An ID can be more meaningful, for an example an employee id can represent from which department he is, year of he join and so on. Apart from that RDBMS supports lots operations with ID's.
I have a table with 16 columns. It will be most frequently used table in web aplication and it will contain about few hundred tousand rows. Database is created on sql server 2008.
My question is choice for primary key. What is quicker? I can use complex primary key with two bigint-s or i can use one varchar value but i will need to concatenate it after?
There are many more factors you must consider:
data access prevalent pattern, how are you going to access the table?
how many non-clustered indexes?
frequency of updates
pattern of updates (sequential inserts, random)
pattern of deletes
All these factors, and specially the first two, should drive your choice of the clustered key. Note that the primary key and clustered key are different concepts, often confused. Read up my answer on Should I design a table with a primary key of varchar or int? for a lengthier discussion on the criteria that drive a clustered key choice.
Without any information on your access patterns I can answer very briefly and concise, and actually correct: the narrower key is always quicker (for reasons of IO). However, this response bares absolutely no value. The only thing that will make your application faster is to choose a key that is going to be used by the query execution plans.
A primary key which does not rely on any underlying values (called a surrogate key) is a good choice. That way if the row changes, the ID doesn't have to, and any tables referring to it (Foriegn Keys) will not need to change. I would choose an autonumber (i.e. IDENTITY) column for the primary key column.
In terms of performance, a shorter, integer based primary key is best.
You can still create your clustered index on multiple columns.
Why not just a single INT auto-generated primary key? INT is 32-bit, so it can handle over 4 billion records.
CREATE TABLE Records (
recordId INT NOT NULL PRIMARY KEY,
...
);
A surrogate key might be a fine idea if there are foreign key relationships on this table. Using a surrogate will save tables that refer to it from having to duplicate all those columns in their tables.
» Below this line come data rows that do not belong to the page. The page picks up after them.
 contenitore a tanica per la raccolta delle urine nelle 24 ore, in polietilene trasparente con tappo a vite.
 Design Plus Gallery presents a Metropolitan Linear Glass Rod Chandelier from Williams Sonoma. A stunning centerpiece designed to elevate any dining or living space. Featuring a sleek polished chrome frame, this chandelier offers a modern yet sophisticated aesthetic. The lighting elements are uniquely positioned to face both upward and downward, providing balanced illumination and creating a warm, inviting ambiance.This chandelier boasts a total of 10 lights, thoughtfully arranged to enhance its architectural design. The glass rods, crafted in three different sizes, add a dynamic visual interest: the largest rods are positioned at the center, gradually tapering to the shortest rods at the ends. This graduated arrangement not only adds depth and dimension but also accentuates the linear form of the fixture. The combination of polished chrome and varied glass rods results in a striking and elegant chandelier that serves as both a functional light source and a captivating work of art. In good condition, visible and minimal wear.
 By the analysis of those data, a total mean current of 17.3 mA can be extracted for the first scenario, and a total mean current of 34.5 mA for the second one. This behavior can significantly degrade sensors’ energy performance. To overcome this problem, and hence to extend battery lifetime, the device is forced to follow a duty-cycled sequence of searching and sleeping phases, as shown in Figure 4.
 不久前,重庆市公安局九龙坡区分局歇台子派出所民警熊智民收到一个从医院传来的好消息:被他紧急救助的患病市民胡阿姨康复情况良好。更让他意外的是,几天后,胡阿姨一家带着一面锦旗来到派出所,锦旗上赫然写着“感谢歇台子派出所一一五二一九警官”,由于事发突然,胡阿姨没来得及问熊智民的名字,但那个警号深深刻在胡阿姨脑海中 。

Another important consideration is indexes on columns that you'll be using in WHERE clauses. Your performance will suffer if you don't. Make sure that you add appropriate indexes, over and above the primary key, to avoid table scans.
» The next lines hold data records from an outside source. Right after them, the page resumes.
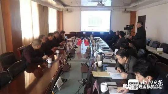 3月24日上午,南阳理工学院副校长陈世云、校地合作处处长赵彦普、生化学院院长朱元良、经管院教授高祖灵等一行6人深入西峡县,就校地合作召开了座谈会,县委常委、常务副县长马俊和组织部、宣传部、发改委、园区办、人社局、工信局、科技局等相关部门负责人参加了会议。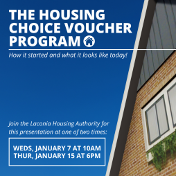 Join the Laconia Housing Authority for one of two sessions to help to answer your questions and provide thoughtful insight to the HCV program. Topics covered will include: what the HCV program is, why it is so hard to access, how to maintain eligibility, and the truth behind the numbers.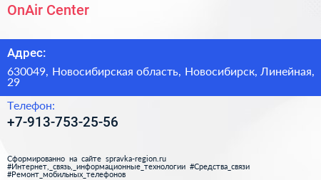 OnAir Center по адресу 630049, Новосибирская область, Новосибирск, Линейная, 29 в дальнейшем Организация, размещена в следующих категориях: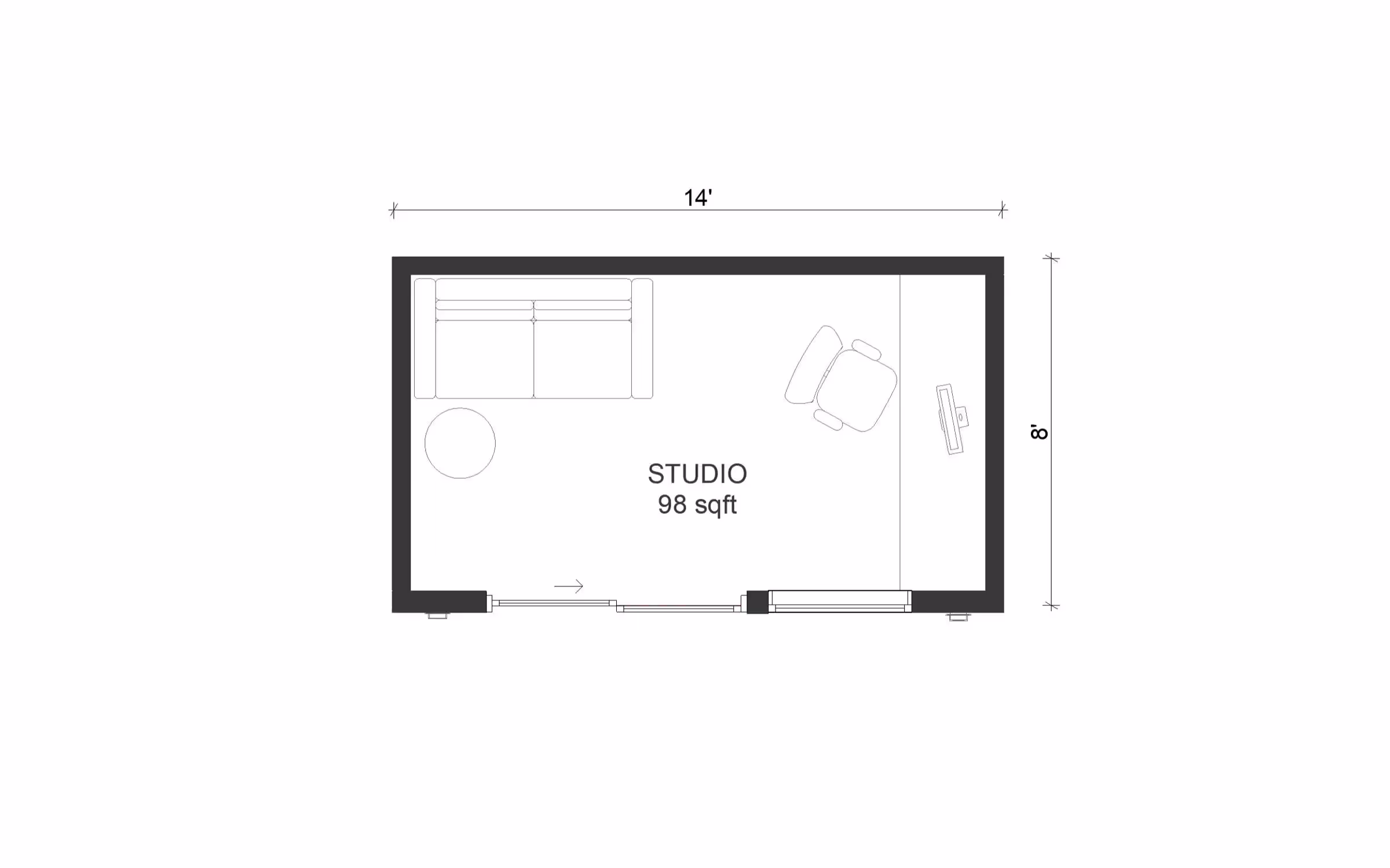 Specifically designed for California, this studio shed can be built without a permit in most counties both within and beyond the state. With 120 sqft of thoughtfully planned space, it offers a perfect balance of size and functionality.

What do you mean quicker? if you need to search quicker, you can create index for any column or create full text search. the primary key just make sure you do not have duplicated records.
The decision relies upon its use. If you are using the table to save data mostly and not retrieve it, then a simple key. If you are mostly querying the data and it is mostly static data where the key values will not change, your index strategy needs to optimize the data to the most frequent query that will be used. Personally, I like the idea of using GUIDs for the primary key and an int for the clustered index. That allows for easy data imports. But, it really depends upon your needs.
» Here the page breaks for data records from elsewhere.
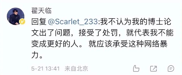 他并不认为博士论文出了问题受到惩罚,就代表他不能成为一个好人,就该承受这种网暴。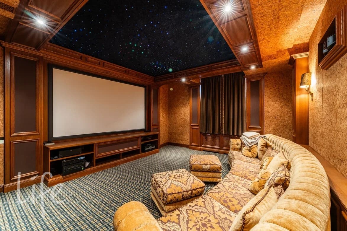 Цоколь: бильярдная, спортзал, комната для тенниса, домашний кинотеатр, оружейная, су, холодильная комната, погреб, мастерская, гардеробная, мини-кухня.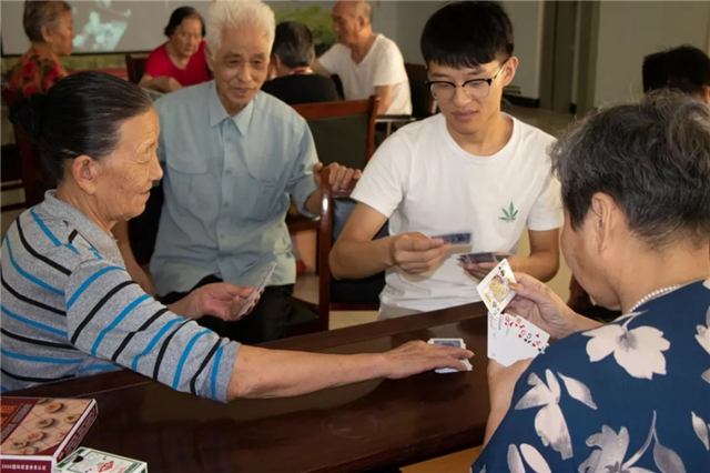午饭过后,有一个老爷爷拄着拐杖,颤颤巍巍地走到我们的旁边,让我们帮他看看他的儿子是不是把他拉到了黑名单,为什么电话打不通。我们用老人的手机尝试拨打电话,也是无果。但是用同学的电话却能拨通,最后联系上家人解决了老人的问题。这件事情正是体现了老人逐渐与社会发展脱节的问题。电子产品的使用不便,使得他们难以跟上社会的进步。老人已经是九十岁的高龄,儿子也接近六十岁,孙子也没有时间精力去教他们,爷爷就只能在有志愿员工来的时候寻求帮助。这让我们有了新的启发:我们之后可以将普及电子产品使用的活动带进养老院,让老人的晚年生活更加便捷。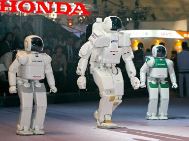 日本本田公司研制的新型機(jī)器人P-3 and Asimo在4月2日的橫濱2003機(jī)器人展上亮相。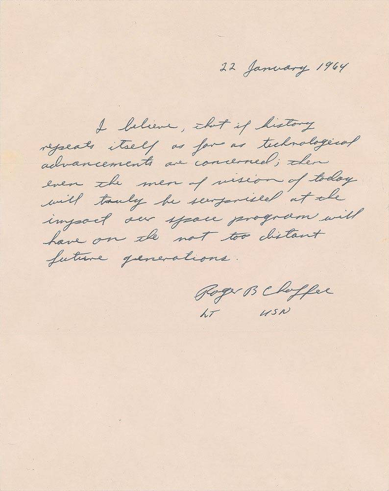 Rare autograph statement, signed "Roger B. Chaffee, Lt., USN," one page, 8 x 10, January 22, 1964. In full: “I believe that if history repeats itself as far as technological advancements are concerned, then even the men of vision of today will truly be surprised at the impact our space program will have on the not too distant future generations.” In fine condition. Although Chaffee sadly perished in the Apollo 1 fire, this letter foretells the enormous impact of America's space program which he would not live to see. Between the direct development of innovative technologies by NASA and the inspiration brought about by space exploration, future generations have benefitted enormously by the work of Chaffee, his fellow astronauts, and all the engineers and personnel that made America's space program enormously successful.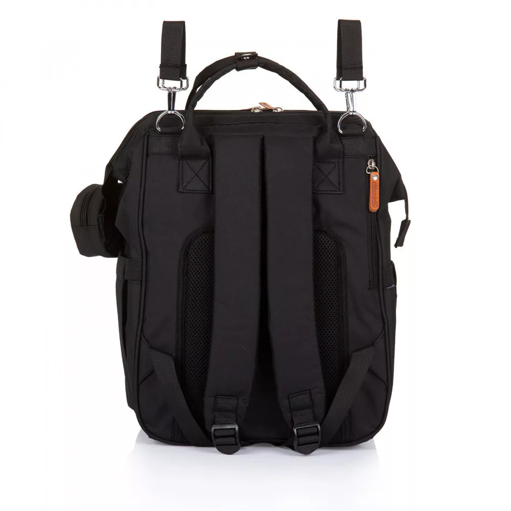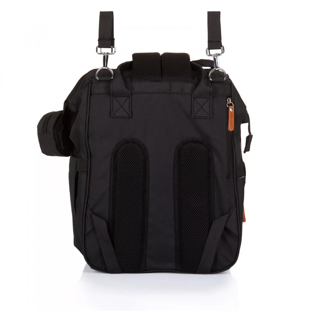 - Hátizsák, amely egy pelenkázótáska is egyben, könnyen és kényelmesen használható, a babakocsik tolókarjára univerzálisan rögzíthető.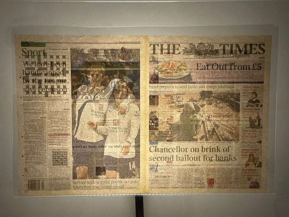This post documents a newly discovered, complete copy of one of the most historically significant newspapers of the 21st century. On January 3, 2009 the first block of the Bitcoin block chain was minted by Satoshi Nakamoto. Its founder placed an important notation within it, indicating the intent behind what he had just created.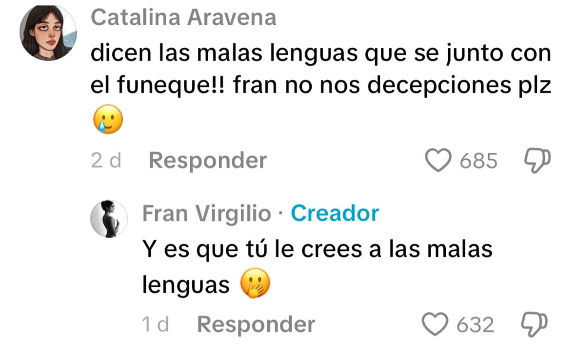 En esa misma línea, otra usuaria señaló: "¡Dicen las malas lenguas que se juntó con el funeque! (sic) Fran, no nos decepciones, please", a lo que Virgilio contestó: "Y es que tú le crees a las malas lenguas".

Lot’s of variables you haven’t mentioned; whether the data in the two columns is “natural” and there is a benefit in identifying records by a logical ID, if disclosure of the key via a UI poses a risk, how important performance is (a few hundred thousand rows is pretty minimal).
If you’re not too fussy, go the auto number path for speed and simplicity. Also take a look at all the posts on the site about SQL primary key types. Heaps of info here.
Is it a ER Model or Dimensional Model. In ER Model, they should be separate and should not be surrogated. The entire record could have a single surrogate for easy references in URLs etc. This could be a hash of all parts of the composite key or an Identity.
In Dimensional Model, also they must be separate and they all should be surrogated.